York Region’s disaster recovery IT leader discusses his worst-case scenario.
The blackout provided the impetus for the Region’s foolproof business continuity plan. This program ensures – should a similar calamity occur – that critical systems can be up and running within 24 hours.
“If you [cannot] keep your infrastructure that supports your primary critical business going, you won’t be there tomorrow,” says Loretta Chandler, manager of emergency management for York Region.
That, she says, is not a risk a government can accept – not with the public expecting water to run when they turn on the taps, and 911 to respond when they pick up the phone.
Chandler shared her plan for business continuity with attendees at the World Conference on Disaster Management in Toronto on Tuesday.
“No one ever expected this could happen and be so widespread in Canada and the U.S.,” the York Region official said.
As a result of the blackout, regional councils and the provincial government threw new funding at emergency management programs.
York is bumping its disaster recovery program into a business continuity initiative and is by now halfway through that process, which is being accomplished in partnership with the region’s IT department.
Since Chandler assumed leadership of the department, the region has been in compliance with provincial standards. The Emergency Management and Civil Protection Act require all municipalities in Ontario to create a plan that includes specific staff positions and annual training of all staff.
To eliminate risk, the region called upon its IT department to create a system that would enable all critical systems to be recovered within 24 hours or less after a disaster.

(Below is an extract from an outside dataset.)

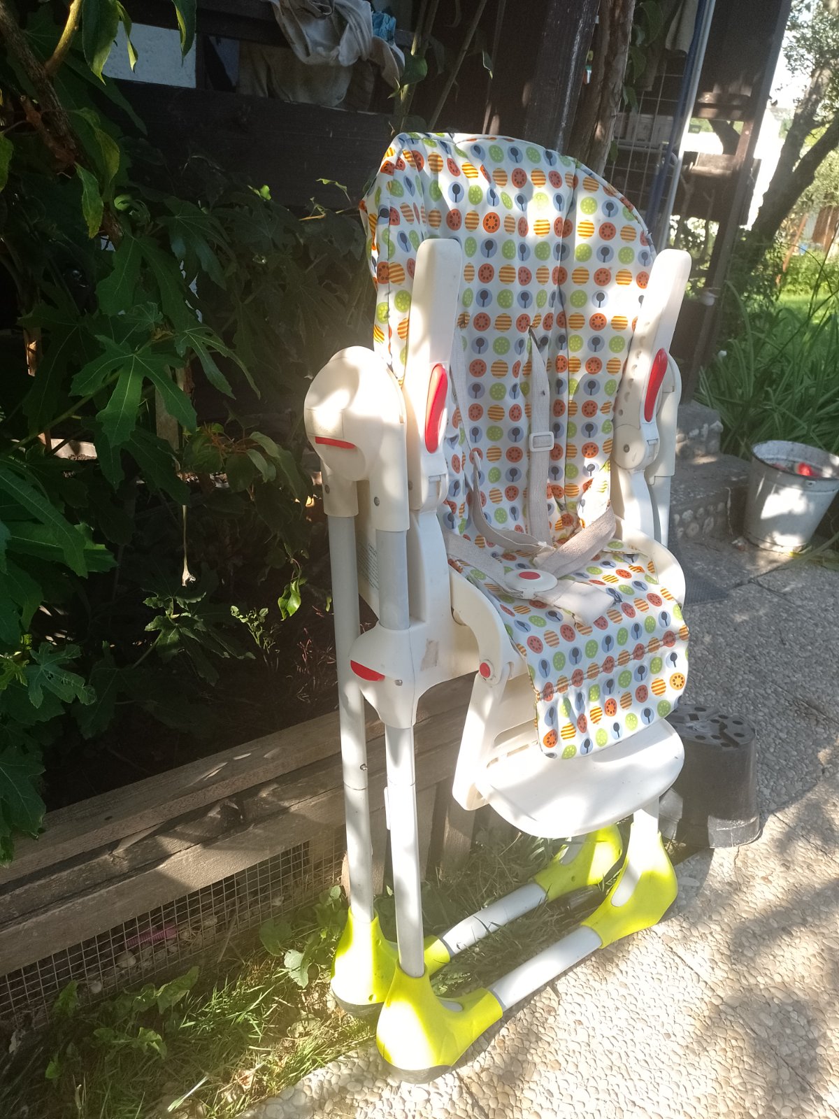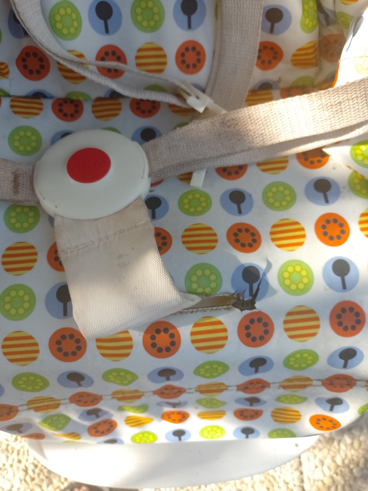Stolicka po 2 detoch, prasknuty pultik a miestami popraskany potah inak 100% funkcna. polohovatelna, od 1. prikrmov kedy babo moze lezat az po starsie deti, moznost nastavit vysku a prisunut ku sto...

This recovery deadline was to apply even in what the region described as the “worst-case scenario.”
“Our worst case scenario is if the head office is destroyed at 3:00 pm on a Tuesday and 30 per cent of the staff is lost. What do you do then?” asked Kurt Wintermeyer, the IT lead for disaster recovery planning in the region.
The plan is fundamentally simple: have a recovery location that key staff will respond to and start resuming critical government services.
That means not just having one backup location, but three alternates in total. Actions of a skeleton staff of 17 would be coordinated by a resumption team lead and three coordinators.
Outlined in the plan are all the resources needed to set-up a recovery office.
There are lists made up for both external parties – vendors and partners – and internal contacts such as key staff in various departments. There’s another list of all the applications that need to be recovered, and instructions on how to access them.
“Passwords to critical applications are kept off site in locked boxes,” Wintermeyer says. “You’ll need detailed maps to the location of those.”
To serve a population of nearly one million across six towns, the region runs 250 applications. Largely a Microsoft shop with more than 25 terabytes of regularly backed-up data, the IT department has identified that half of those applications are critical.
“We have to keep these systems up or else there’s big trouble,” Wintermeyer says.
All of this has been planned to be executed – not by IT support staff – but by the various department heads responsible for running services. The business continuity plan has been built assuming that no one will be able to receive IT support for at least 24 hours, Chandler says.
“It’s amazing the people that write plans and never confer with the people who are supplying the key dependencies,” the manager says. “People just expect to snap their fingers and IT will be there, just like electricity.”
It’s important to have a discussion with all people involved in a recovery plan, she adds. By making the resources known to an organization, staff will take more ownership of their plans in the case of a real disaster.
Transforming the business continuity plan from a remote theory to a daily part of the practice is a challenge, Wintermeyer says. To prepare staff to handle the technical systems when they absolutely need to, the region has trained and re-trained.
“It’s a continual battle to make sure that everyone knows what they’re doing,” the technician says.
Despite being halfway through the plan, Wintermeyer is confident his team is on track. They expect to return to the annual international conference in a year or two and collect an award for their work.
In the mean time, residents of York Region might feel a bit more confident that their lights will stay on.